*What is required*
The pictures in the listing below are to be skipped, while the lines between the line holding "Eleganckie spodnie wykonane" and the line holding "Sillón de comedor azul envejecido", inclusive, are to be output exactly.

*Source material*
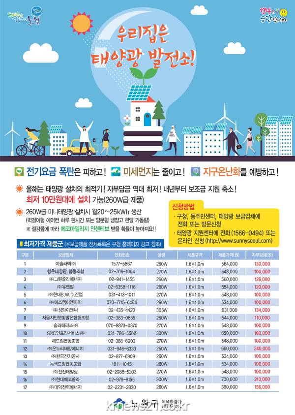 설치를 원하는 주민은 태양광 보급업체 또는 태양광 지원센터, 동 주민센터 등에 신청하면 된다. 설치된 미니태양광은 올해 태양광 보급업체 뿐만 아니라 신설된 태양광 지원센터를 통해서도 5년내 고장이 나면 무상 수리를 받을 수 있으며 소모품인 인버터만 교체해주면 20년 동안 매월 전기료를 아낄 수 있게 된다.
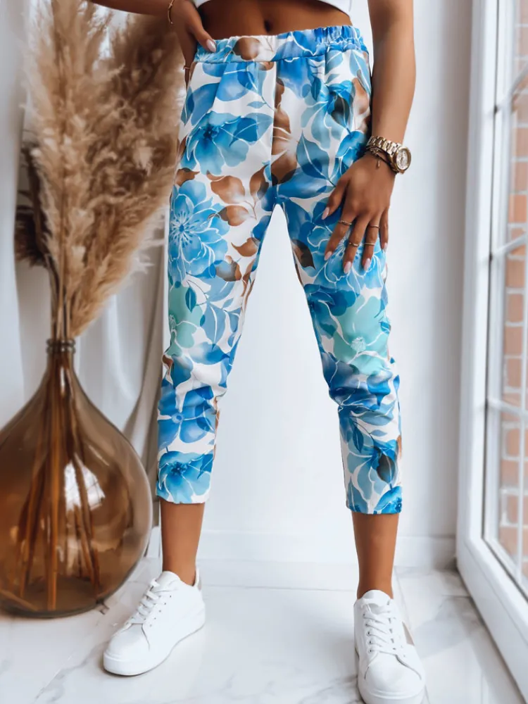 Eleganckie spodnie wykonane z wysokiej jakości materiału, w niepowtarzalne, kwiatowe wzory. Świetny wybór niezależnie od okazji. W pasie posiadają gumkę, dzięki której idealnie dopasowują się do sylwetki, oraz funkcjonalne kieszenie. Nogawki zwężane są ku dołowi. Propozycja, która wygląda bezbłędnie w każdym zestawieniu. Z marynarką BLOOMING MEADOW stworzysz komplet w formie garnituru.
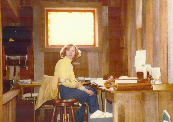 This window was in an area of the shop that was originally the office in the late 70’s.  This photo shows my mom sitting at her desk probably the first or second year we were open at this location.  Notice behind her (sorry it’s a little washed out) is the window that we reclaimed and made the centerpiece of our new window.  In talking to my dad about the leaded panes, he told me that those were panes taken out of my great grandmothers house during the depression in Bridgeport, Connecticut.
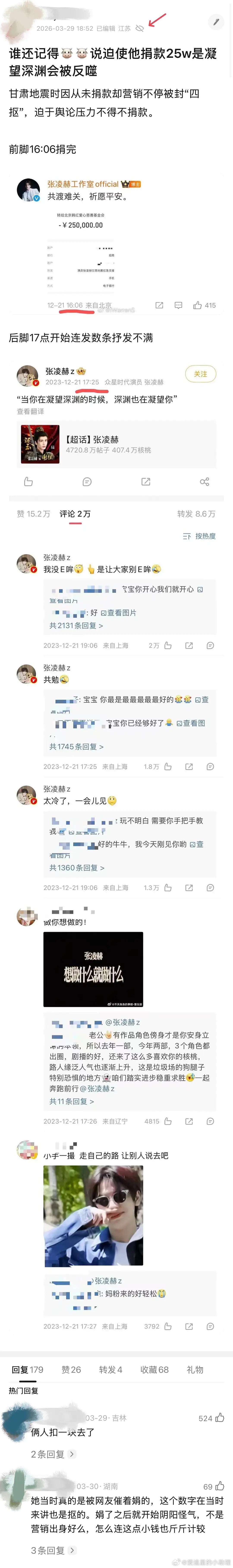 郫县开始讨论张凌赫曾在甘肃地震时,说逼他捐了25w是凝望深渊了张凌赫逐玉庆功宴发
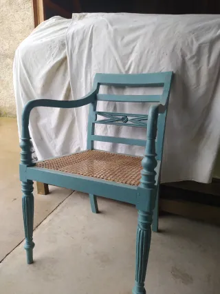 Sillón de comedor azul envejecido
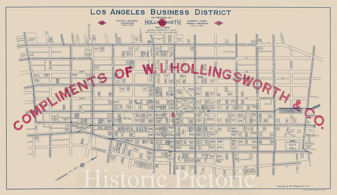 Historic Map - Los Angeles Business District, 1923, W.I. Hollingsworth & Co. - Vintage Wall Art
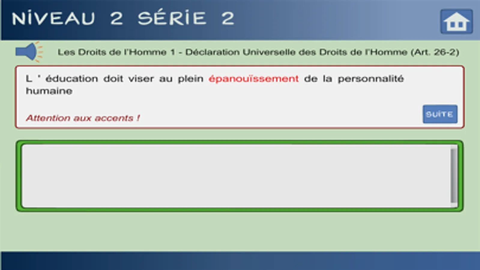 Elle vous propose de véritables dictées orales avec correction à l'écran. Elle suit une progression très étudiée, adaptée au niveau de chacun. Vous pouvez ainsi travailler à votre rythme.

*Answer area*
 Eleganckie spodnie wykonane z wysokiej jakości materiału, w niepowtarzalne, kwiatowe wzory. Świetny wybór niezależnie od okazji. W pasie posiadają gumkę, dzięki której idealnie dopasowują się do sylwetki, oraz funkcjonalne kieszenie. Nogawki zwężane są ku dołowi. Propozycja, która wygląda bezbłędnie w każdym zestawieniu. Z marynarką BLOOMING MEADOW stworzysz komplet w formie garnituru.
 This window was in an area of the shop that was originally the office in the late 70’s.  This photo shows my mom sitting at her desk probably the first or second year we were open at this location.  Notice behind her (sorry it’s a little washed out) is the window that we reclaimed and made the centerpiece of our new window.  In talking to my dad about the leaded panes, he told me that those were panes taken out of my great grandmothers house during the depression in Bridgeport, Connecticut.
 郫县开始讨论张凌赫曾在甘肃地震时,说逼他捐了25w是凝望深渊了张凌赫逐玉庆功宴发
 Sillón de comedor azul envejecido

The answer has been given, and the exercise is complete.